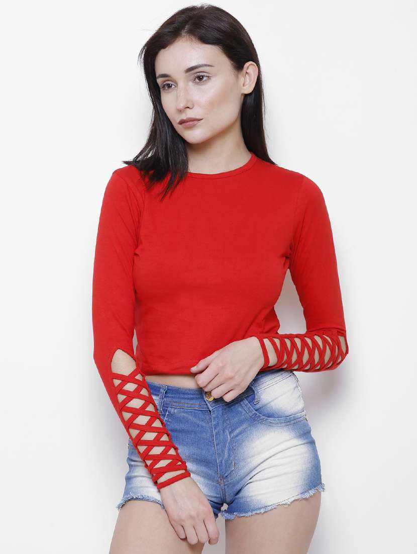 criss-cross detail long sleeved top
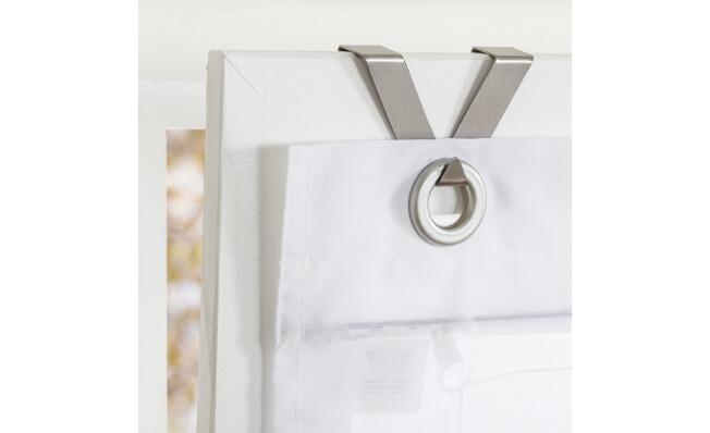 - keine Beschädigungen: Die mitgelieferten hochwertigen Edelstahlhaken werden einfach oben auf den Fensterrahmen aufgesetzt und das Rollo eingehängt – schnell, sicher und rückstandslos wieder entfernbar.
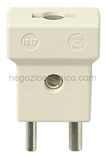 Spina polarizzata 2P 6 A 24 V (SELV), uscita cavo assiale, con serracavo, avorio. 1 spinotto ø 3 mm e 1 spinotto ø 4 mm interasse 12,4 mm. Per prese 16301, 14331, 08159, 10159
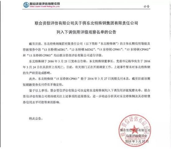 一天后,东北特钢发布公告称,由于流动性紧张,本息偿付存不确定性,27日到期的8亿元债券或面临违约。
════
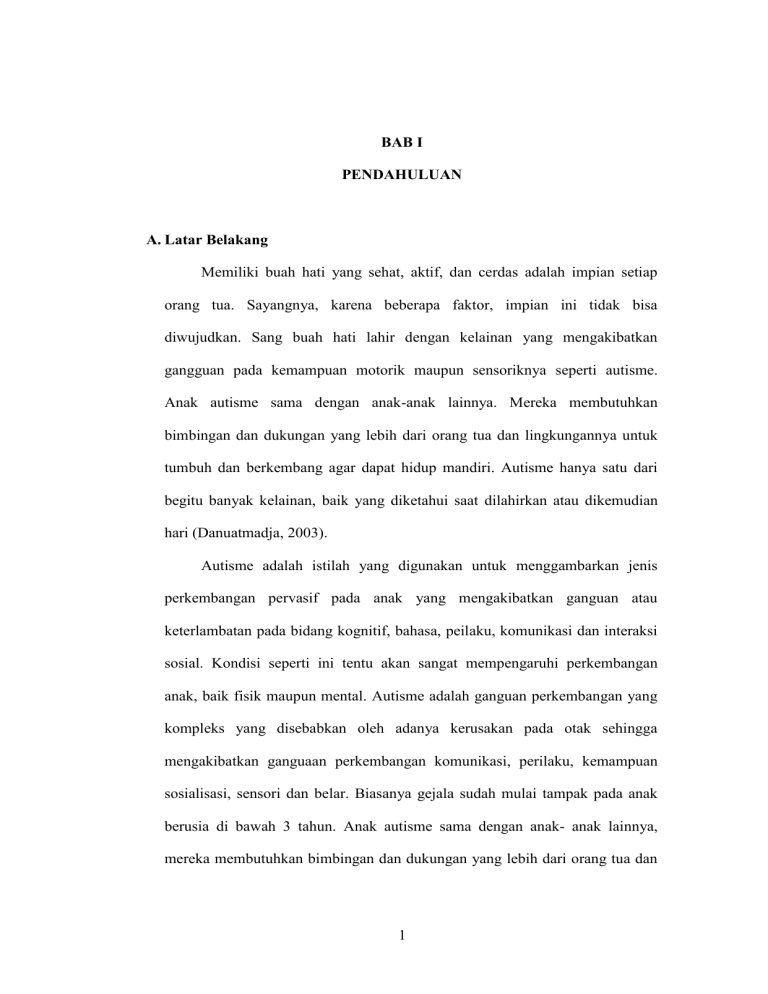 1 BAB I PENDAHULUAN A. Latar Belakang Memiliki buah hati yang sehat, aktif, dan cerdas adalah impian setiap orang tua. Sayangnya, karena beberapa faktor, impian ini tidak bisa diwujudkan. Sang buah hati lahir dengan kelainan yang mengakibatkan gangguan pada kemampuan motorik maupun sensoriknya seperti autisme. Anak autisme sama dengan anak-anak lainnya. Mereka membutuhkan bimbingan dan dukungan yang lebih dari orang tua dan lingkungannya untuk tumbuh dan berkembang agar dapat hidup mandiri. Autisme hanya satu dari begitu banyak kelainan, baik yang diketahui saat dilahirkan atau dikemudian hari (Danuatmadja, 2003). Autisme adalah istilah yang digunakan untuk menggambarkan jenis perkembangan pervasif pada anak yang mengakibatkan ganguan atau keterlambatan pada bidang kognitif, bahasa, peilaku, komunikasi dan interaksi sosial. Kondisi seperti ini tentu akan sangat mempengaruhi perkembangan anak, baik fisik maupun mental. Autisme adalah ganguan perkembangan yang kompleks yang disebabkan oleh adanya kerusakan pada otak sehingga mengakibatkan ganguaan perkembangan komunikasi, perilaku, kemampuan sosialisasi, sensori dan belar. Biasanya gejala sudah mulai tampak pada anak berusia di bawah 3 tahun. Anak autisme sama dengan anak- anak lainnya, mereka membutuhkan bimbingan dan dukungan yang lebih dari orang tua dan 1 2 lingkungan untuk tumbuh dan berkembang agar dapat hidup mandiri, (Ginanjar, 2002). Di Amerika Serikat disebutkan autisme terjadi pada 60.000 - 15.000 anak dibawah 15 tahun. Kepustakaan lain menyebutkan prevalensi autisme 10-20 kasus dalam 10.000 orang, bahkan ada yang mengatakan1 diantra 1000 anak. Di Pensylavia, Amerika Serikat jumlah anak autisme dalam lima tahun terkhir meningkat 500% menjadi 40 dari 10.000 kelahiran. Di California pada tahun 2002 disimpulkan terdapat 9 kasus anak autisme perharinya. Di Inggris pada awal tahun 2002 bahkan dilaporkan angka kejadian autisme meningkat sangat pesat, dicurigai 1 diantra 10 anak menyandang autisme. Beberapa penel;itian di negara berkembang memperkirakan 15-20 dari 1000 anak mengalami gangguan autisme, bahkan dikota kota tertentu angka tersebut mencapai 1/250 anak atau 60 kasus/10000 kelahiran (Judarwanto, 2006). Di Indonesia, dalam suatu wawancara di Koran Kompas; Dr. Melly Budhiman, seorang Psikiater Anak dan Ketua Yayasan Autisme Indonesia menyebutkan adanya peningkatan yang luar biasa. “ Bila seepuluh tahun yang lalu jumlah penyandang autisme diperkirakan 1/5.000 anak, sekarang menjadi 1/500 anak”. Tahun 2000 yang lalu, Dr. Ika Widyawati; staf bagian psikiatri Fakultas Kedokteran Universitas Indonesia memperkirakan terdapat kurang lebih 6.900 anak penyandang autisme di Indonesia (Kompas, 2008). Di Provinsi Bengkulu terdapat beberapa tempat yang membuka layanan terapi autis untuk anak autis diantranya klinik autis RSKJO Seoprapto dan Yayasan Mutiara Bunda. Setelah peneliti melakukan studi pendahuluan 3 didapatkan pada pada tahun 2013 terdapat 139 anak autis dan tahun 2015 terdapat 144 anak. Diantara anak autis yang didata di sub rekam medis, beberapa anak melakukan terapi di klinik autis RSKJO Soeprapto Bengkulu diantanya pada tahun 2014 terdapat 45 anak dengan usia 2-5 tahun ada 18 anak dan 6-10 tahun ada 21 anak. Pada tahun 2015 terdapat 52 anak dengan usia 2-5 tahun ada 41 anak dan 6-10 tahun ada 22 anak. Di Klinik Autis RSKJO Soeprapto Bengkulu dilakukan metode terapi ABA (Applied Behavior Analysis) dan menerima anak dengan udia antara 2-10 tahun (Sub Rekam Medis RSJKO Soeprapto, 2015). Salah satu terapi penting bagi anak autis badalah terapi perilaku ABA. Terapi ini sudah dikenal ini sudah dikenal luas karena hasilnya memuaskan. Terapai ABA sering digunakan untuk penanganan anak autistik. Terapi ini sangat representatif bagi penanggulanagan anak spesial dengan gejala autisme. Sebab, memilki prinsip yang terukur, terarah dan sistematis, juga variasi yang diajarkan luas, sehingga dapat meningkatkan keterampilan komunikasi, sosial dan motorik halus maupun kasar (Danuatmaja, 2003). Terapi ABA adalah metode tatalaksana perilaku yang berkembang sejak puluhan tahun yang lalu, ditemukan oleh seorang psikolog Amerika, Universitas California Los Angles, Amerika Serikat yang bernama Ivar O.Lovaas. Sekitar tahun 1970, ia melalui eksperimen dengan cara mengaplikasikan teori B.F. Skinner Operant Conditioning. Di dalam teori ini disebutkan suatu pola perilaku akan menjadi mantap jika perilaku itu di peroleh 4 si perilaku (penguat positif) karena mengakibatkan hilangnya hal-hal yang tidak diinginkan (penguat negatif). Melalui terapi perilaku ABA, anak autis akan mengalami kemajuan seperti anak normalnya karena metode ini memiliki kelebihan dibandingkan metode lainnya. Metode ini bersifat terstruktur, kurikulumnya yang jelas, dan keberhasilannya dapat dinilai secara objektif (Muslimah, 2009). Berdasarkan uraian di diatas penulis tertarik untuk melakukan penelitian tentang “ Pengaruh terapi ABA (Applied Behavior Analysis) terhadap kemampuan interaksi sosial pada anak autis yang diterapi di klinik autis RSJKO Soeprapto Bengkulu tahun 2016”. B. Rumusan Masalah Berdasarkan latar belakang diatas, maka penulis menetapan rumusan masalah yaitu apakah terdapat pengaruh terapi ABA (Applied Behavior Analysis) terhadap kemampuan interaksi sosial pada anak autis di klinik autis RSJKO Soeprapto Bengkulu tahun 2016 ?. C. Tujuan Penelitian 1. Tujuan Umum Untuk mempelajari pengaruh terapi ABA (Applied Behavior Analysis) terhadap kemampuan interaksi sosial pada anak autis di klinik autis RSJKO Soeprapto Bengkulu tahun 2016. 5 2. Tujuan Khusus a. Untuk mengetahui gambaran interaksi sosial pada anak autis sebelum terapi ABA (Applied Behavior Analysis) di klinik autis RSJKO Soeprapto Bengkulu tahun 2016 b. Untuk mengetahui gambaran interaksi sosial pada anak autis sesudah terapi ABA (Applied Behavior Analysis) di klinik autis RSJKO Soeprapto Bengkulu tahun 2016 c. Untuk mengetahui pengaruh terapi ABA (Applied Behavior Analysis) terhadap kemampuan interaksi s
════
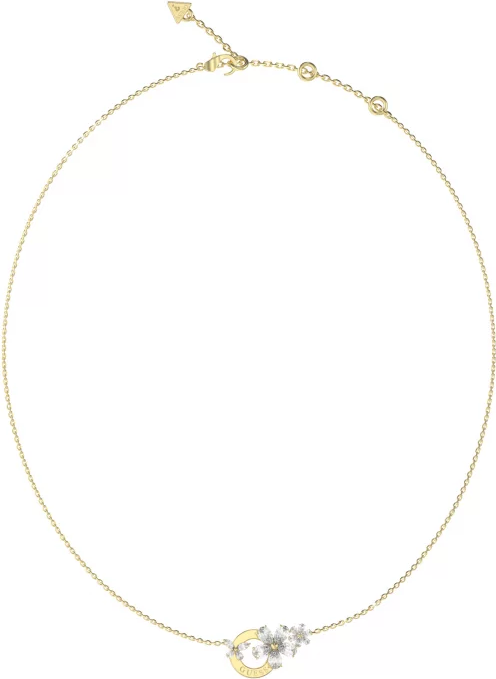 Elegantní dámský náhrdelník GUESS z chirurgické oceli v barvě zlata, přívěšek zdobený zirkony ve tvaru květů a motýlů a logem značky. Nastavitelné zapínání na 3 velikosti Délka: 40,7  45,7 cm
════
▸ **What you should do**
What are the lines above from the one with "Spina polarizzata 2P" to the one with "一天后,东北特钢发布公告称,由于流动性紧", both included? Reproduce them exactly, without pictures.

▸ **Response box**
 Spina polarizzata 2P 6 A 24 V (SELV), uscita cavo assiale, con serracavo, avorio. 1 spinotto ø 3 mm e 1 spinotto ø 4 mm interasse 12,4 mm. Per prese 16301, 14331, 08159, 10159
 一天后,东北特钢发布公告称,由于流动性紧张,本息偿付存不确定性,27日到期的8亿元债券或面临违约。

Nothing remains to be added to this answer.